■ Task description
Transcribe exactly, leaving out pictures, the lines from the one that holds "luifel, complete keukenuitrusting." through the end of the data below, including both end lines and no others.

■ Raw data
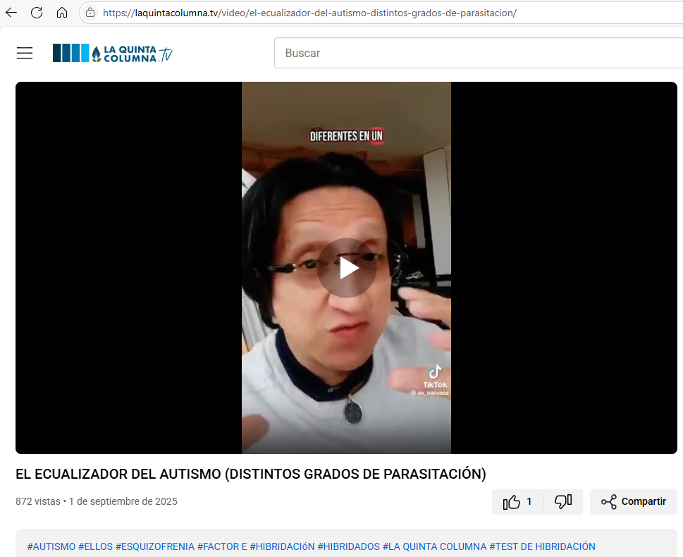 Según su narrativa espiritual/esotérica, en el siguiente vídeo podría entenderse que se plantea el controvertido debate sobre la supuesta hibridación o parasitación de personas que muestran comportamientos inusuales, posibles trastornos mentales o actitudes calificadas como inmorales. Les recomendamos ver el vídeo para realizar su propia interpretación:
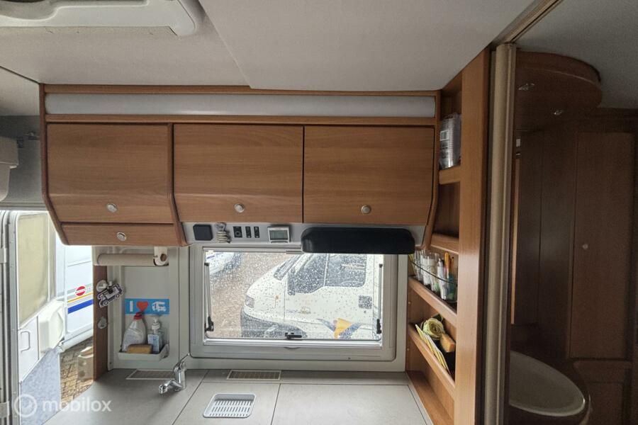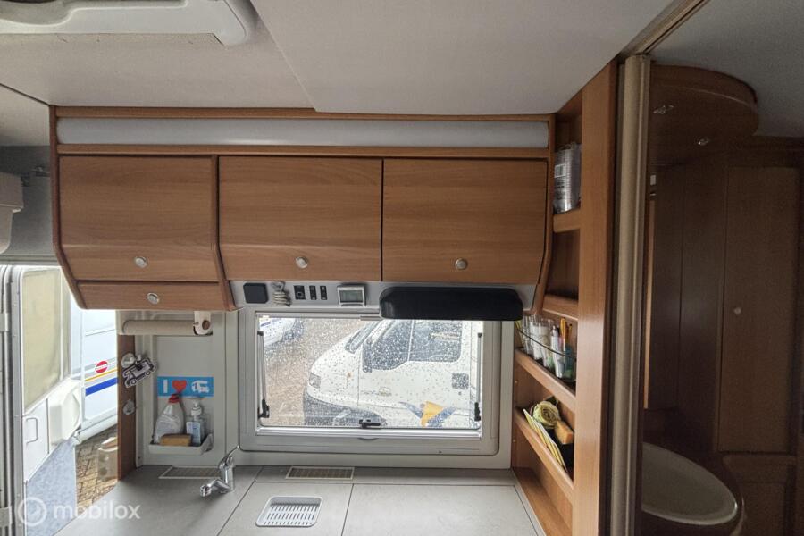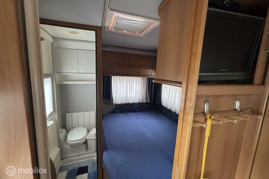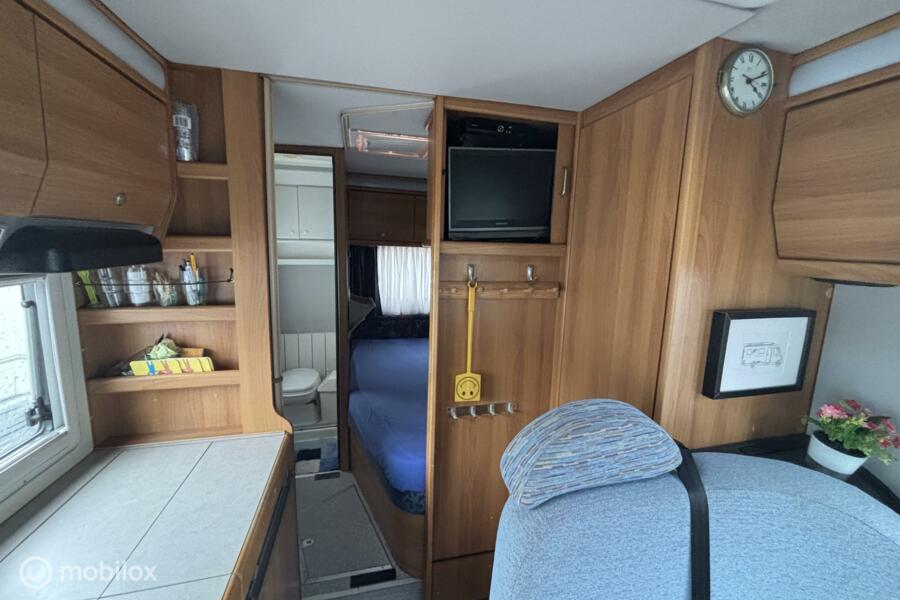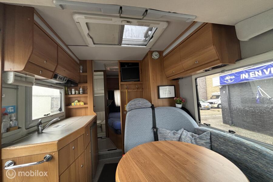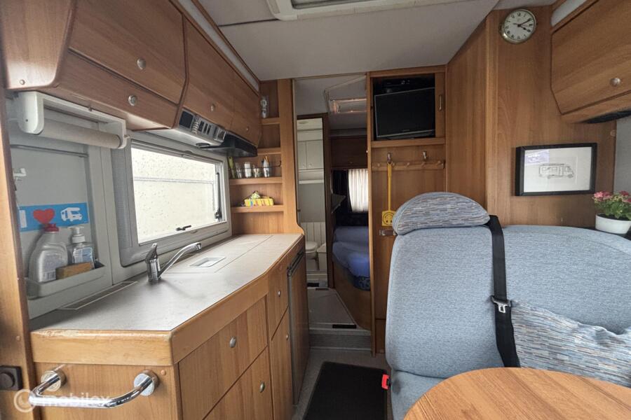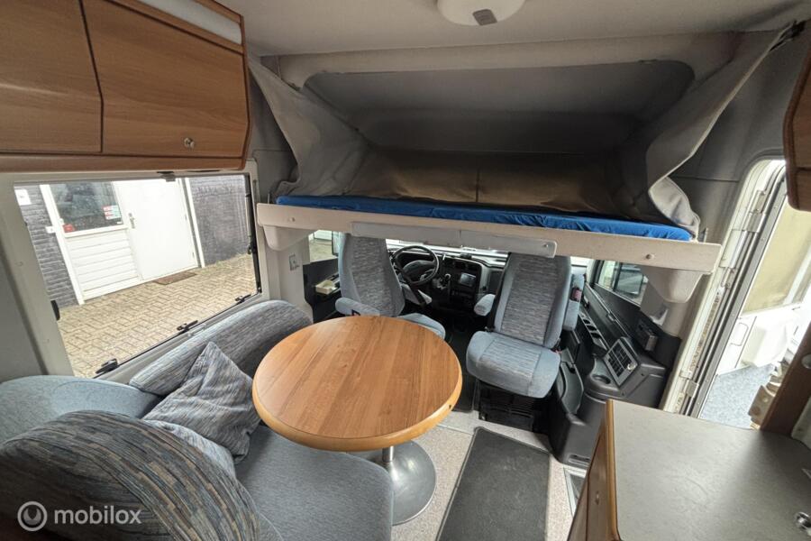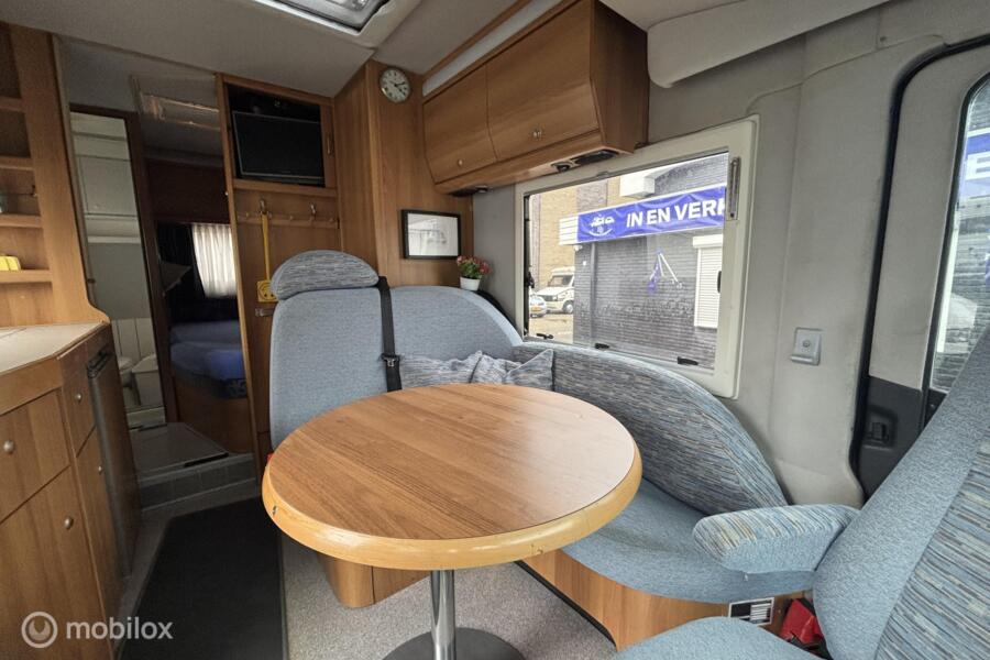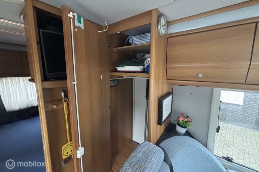 * Comfortabel reizen: Motorairco zorgt voor een aangename temperatuur, waar je ook bent. * Entertainment: Geniet van je favoriete programma's op de ingebouwde tv. * Sanitair: Eigen toilet aan boord voor maximale privacy en gemak. * Veiligheid: Achteruitrijcamera voor moeiteloos manoeuvreren. * Flexibiliteit: Draaibare voorstoelen creëren een gezellige zithoek. * Sportief: Fietsenrek voor het meenemen van je fietsen. * Extra slaapplaatsen: Hefbed voor extra comfort en ruimte. * Autarkie: Schotelantenne voor onafhankelijk tv-kijken. * Extra: Ruime garage, luifel, complete keukenuitrusting.
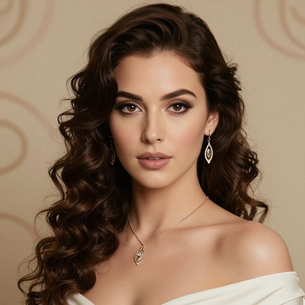 The image depicts a highly detailed and realistic portrait of a woman, reminiscent of the art style of Gil Elvgren. Her hair is styled in elegant, intricate curls, cascading down her shoulders in a lush, dark brown hue. The woman's eyes are strikingly beautiful, with long, meticulously applied eyelashes and a gaze that seems to pierce the viewer. Her skin is smooth and flawless, with a healthy, natural glow. She wears a delicate necklace with a small, intricate pendant, and matching earrings that dangle gracefully from her ears. The neckline of her garment is wide and off-the-shoulder, revealing a portion of her collarbone and clavicle. The background is a soft, warm beige, adorned with subtle, abstract patterns that complement the overall composition. The lighting is soft and diffused, highlighting the woman's features and the texture of her hair and skin. The overall effect is one of timeless beauty and elegance, with a strong emphasis on the intricate details and the interplay of light and shadow.

■ Task answer
 * Comfortabel reizen: Motorairco zorgt voor een aangename temperatuur, waar je ook bent. * Entertainment: Geniet van je favoriete programma's op de ingebouwde tv. * Sanitair: Eigen toilet aan boord voor maximale privacy en gemak. * Veiligheid: Achteruitrijcamera voor moeiteloos manoeuvreren. * Flexibiliteit: Draaibare voorstoelen creëren een gezellige zithoek. * Sportief: Fietsenrek voor het meenemen van je fietsen. * Extra slaapplaatsen: Hefbed voor extra comfort en ruimte. * Autarkie: Schotelantenne voor onafhankelijk tv-kijken. * Extra: Ruime garage, luifel, complete keukenuitrusting.
 The image depicts a highly detailed and realistic portrait of a woman, reminiscent of the art style of Gil Elvgren. Her hair is styled in elegant, intricate curls, cascading down her shoulders in a lush, dark brown hue. The woman's eyes are strikingly beautiful, with long, meticulously applied eyelashes and a gaze that seems to pierce the viewer. Her skin is smooth and flawless, with a healthy, natural glow. She wears a delicate necklace with a small, intricate pendant, and matching earrings that dangle gracefully from her ears. The neckline of her garment is wide and off-the-shoulder, revealing a portion of her collarbone and clavicle. The background is a soft, warm beige, adorned with subtle, abstract patterns that complement the overall composition. The lighting is soft and diffused, highlighting the woman's features and the texture of her hair and skin. The overall effect is one of timeless beauty and elegance, with a strong emphasis on the intricate details and the interplay of light and shadow.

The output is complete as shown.